Even a pickpocket gets a jail term, but not apparently those friends of U.S. Treasury Secretary Hank Paulson who presided over the biggest bust in financial history. Neither the United States nor the European Union appears ready to hold accountable those responsible for this disaster.

Indeed, the subject has been totally avoided in the eagerness to find "solutions," which in the main are funneling vast sums of taxpayer dollars to the care of the very individuals who were part of the core team of the guilty. Bush, Cheney, Sarkozy, Brown and German Chancellor Angela Merkel apparently believe that the reduction in annual bonuses from an average of US$60 million to a mere $20 million is punishment enough.

The rest of the world disagrees, and until the perpetrators of the meltdown are identified and punished, few governments or investors in Asia would be willing to risk their funds being parked in New York, London or Frankfurt. The chances are that intra-Asian investment will rise as a result of the crisis, rather than a perpetuation of the dominance of Western financial institutions.

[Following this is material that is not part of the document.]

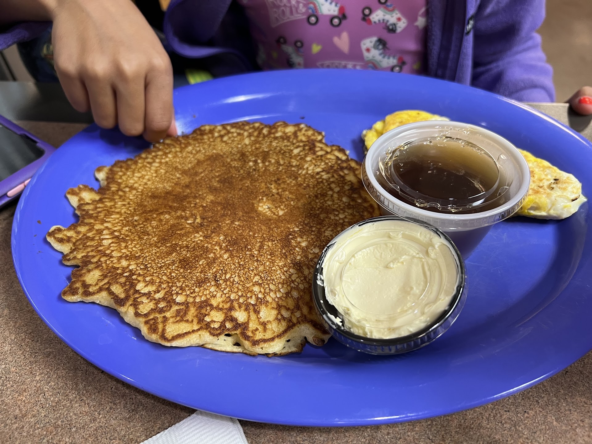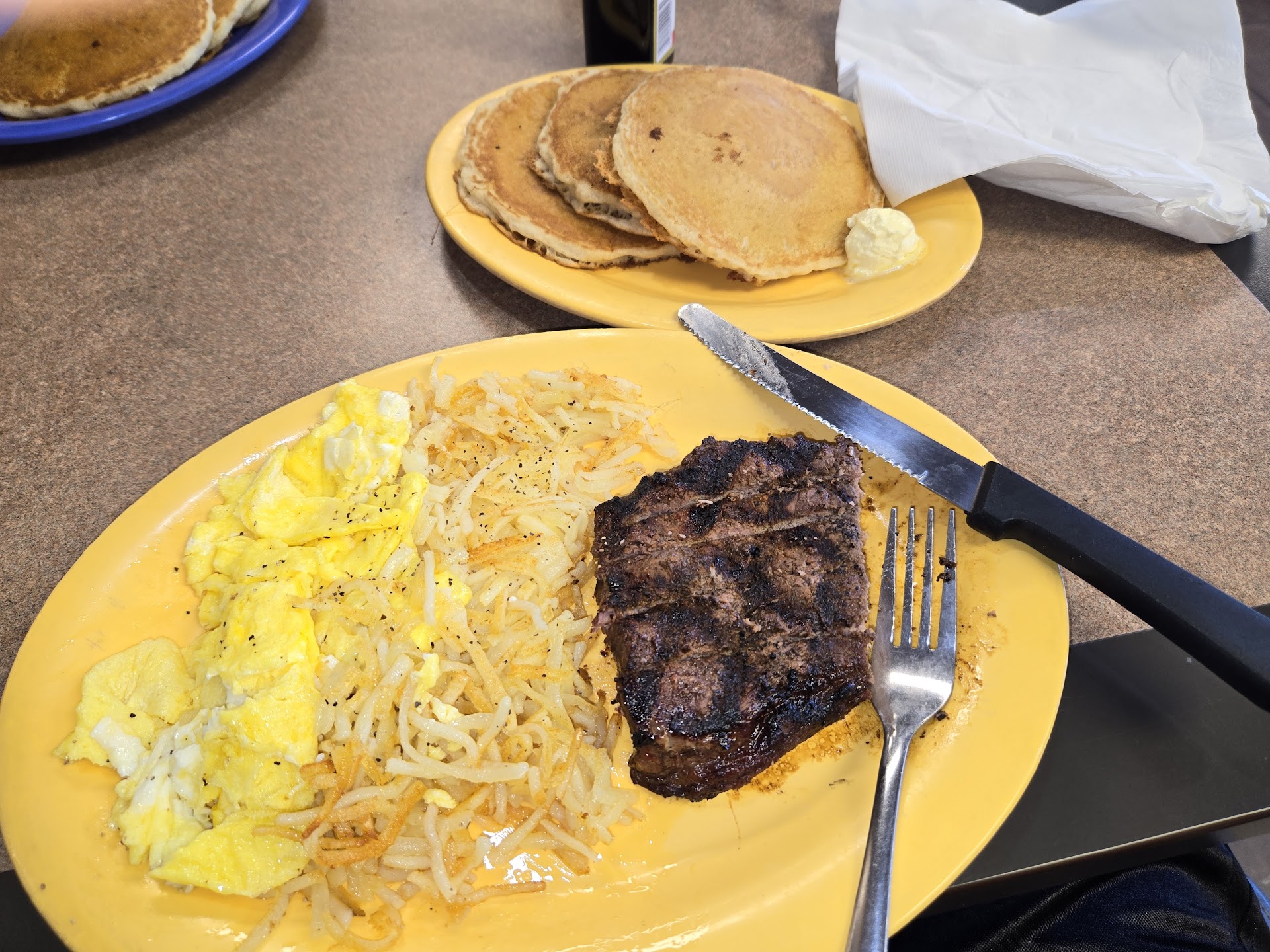 Read moreStopped here on a whim after my daughter’s aerial lesson. Typical truck stop diner; there were no signs saying to wait to be seated or to seat yourself (and no waitstaff to be seen—she was in back getting a to-go order), so we had to wait as we didn’t want to get overlooked. The waitress was friendly and the place was mostly empty when we arrived, but started getting busier shortly after we ordered. My daughter got the sweet cream pancakes and scrambled eggs, and I got the burnt ends. Her eggs seemed a bit overcooked but tasted good, and the pancake was nice and sweet (smelled almost like birthday cake). The burnt ends were tender and a decent sized portion, and the sides were pretty standard. The dry rub has a nice little kick to it. We finished off with a slice of cherry pie. It was all right, but had a strange pink tint to it that made the pie look like it had been sitting there for a while. All in all a decent meal, all for about...

Although the international economy has changed in the 64 years since the World Bank and the IMF were set up, these institutions have not. Both are run by and for the United States and the European Union, although they have a sprinkling of other nations, almost all of whom subscribe to the doctrine of the International Bank for Reconstruction and Development and the IMF: "West knows best."

Changing the basic structure of these behemoths to better fit current reality would be far more difficult than the countries of Asia – and perhaps Africa and South America – setting up institutions of their own, with countries such as Russia entering the mix. A multiplicity of institutions, and competition between them, is preferable to the monochrome texture of the international institutions set up in 1944 and 1945.

In the largest of these, the United Nations, unsurprisingly there are two European countries (besides Russia) in the list of just five veto-wielding Security Council members, with China and the United States being the other two. A structure in which India and Brazil have no place, while Britain and France do, cannot be deemed representative of anything other than nostalgia.

The financial collapse of the past weeks has exposed the greed and absence of ethical restraints of institutions in the West, and it is ironic that Bush, the individual summoning the world's leaders to a conference on solutions next month, is the very person under whose watch the calamity occurred.

If Nicholas Sarkozy and Gordon Brown are serious about wanting the rest of the world to trust them once again with their savings, they will need to inflict severe punishment on the many within their own councils and relationship networks who have so selfishly brought the international economy to the edge of disaster, rather than allowing them to escape to their tax and other havens.